Featuring Michael Pollan and based on his best-selling book, this special takes viewers on an eye-opening exploration of the human relationship with the plant world -- seen from the plants' point of view. Narrated by Frances McDormand, the program shows how four familiar species -- the apple, the tulip, marijuana and the potato -- evolved to satisfy our yearnings for sweetness, beauty, intoxication and control.

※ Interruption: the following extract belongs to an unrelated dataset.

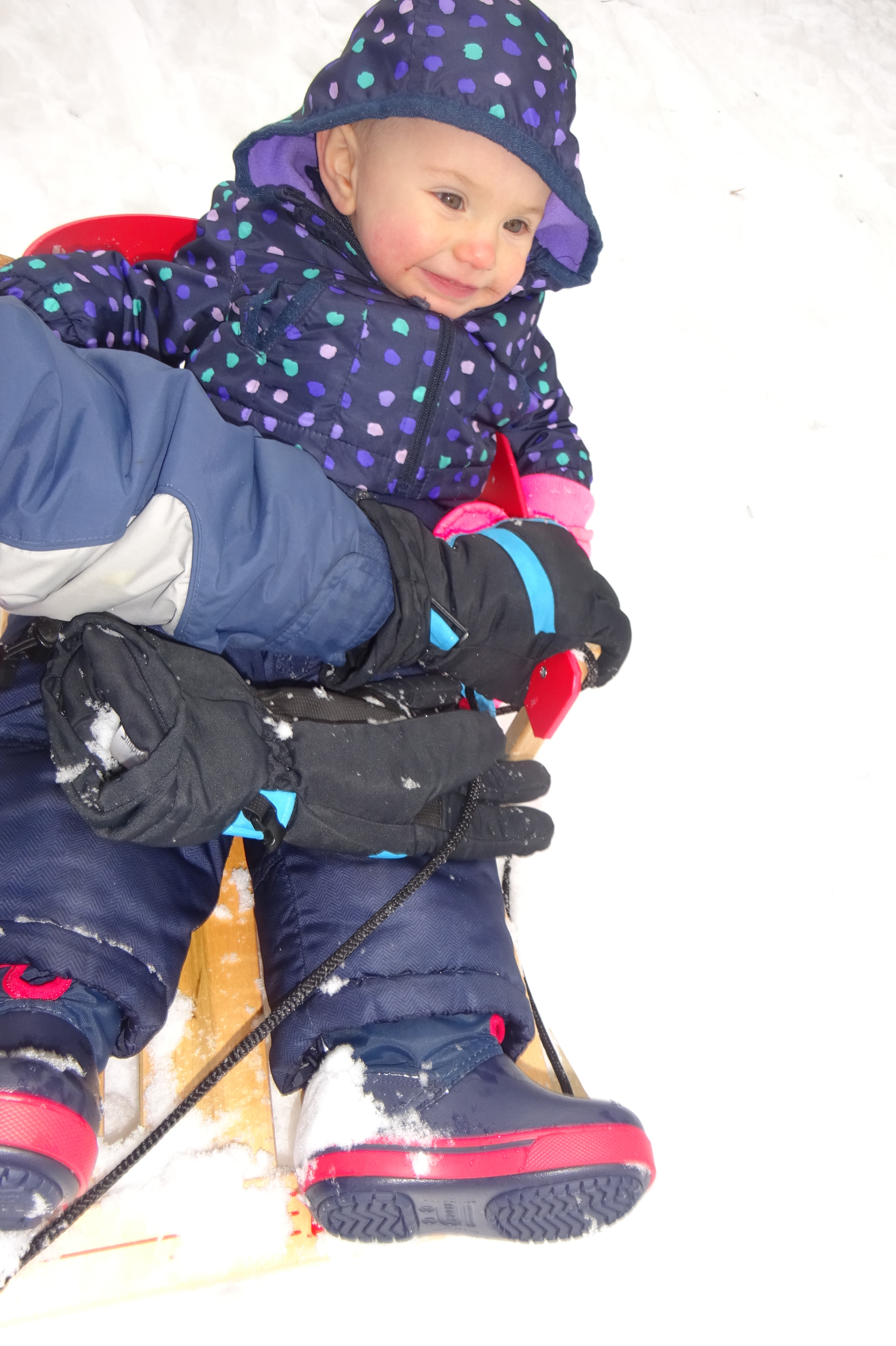 Happily Sledding With a Mommy Seat Belt.JPG
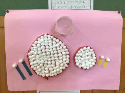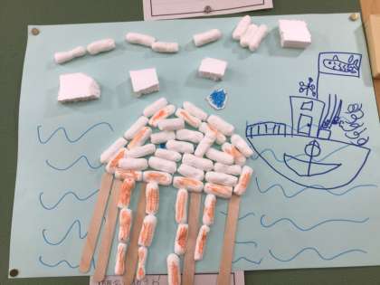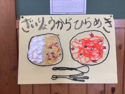 1年生教室前に掲示してある作品です。毛糸、梱包材などの素材からひらめいた作品です。カレーライス、スパゲッティ、太鼓、くらげ。一番上の写真のカレーライスとスパゲッティは先生の作品です。

Michael Pollan is the author of The Botany of Desire, In Defense of Food: An Eater's Manifesto, and The Omnivore's Dilemma: A Natural History of Four Meals, which was named one of the 10 best books of 2006 by The New York Times and The Washington Post. It won the California Book Award, the Northern California Book Award, and the James Beard Award for Best Food Writing and was a finalist for the National Book Critics Circle Award. Pollan is also the author of A Place of My Own and Second Nature.
A contributing writer to The New York Times Magazine, Pollan is the recipient of numerous journalistic awards, including the James Beard Award for Best Magazine Series in 2003 and the Reuters-I.U.C.N. 2000 Global Award for Environmental Journalism. His articles have been anthologized in Best American Science Writing, Best American Essays and The Norton Book of Nature Writing. Pollan servedfor many years as executive editor of Harper's Magazine and is now the Knight Professor of Science and Environmental Journalism at UC Berkeley.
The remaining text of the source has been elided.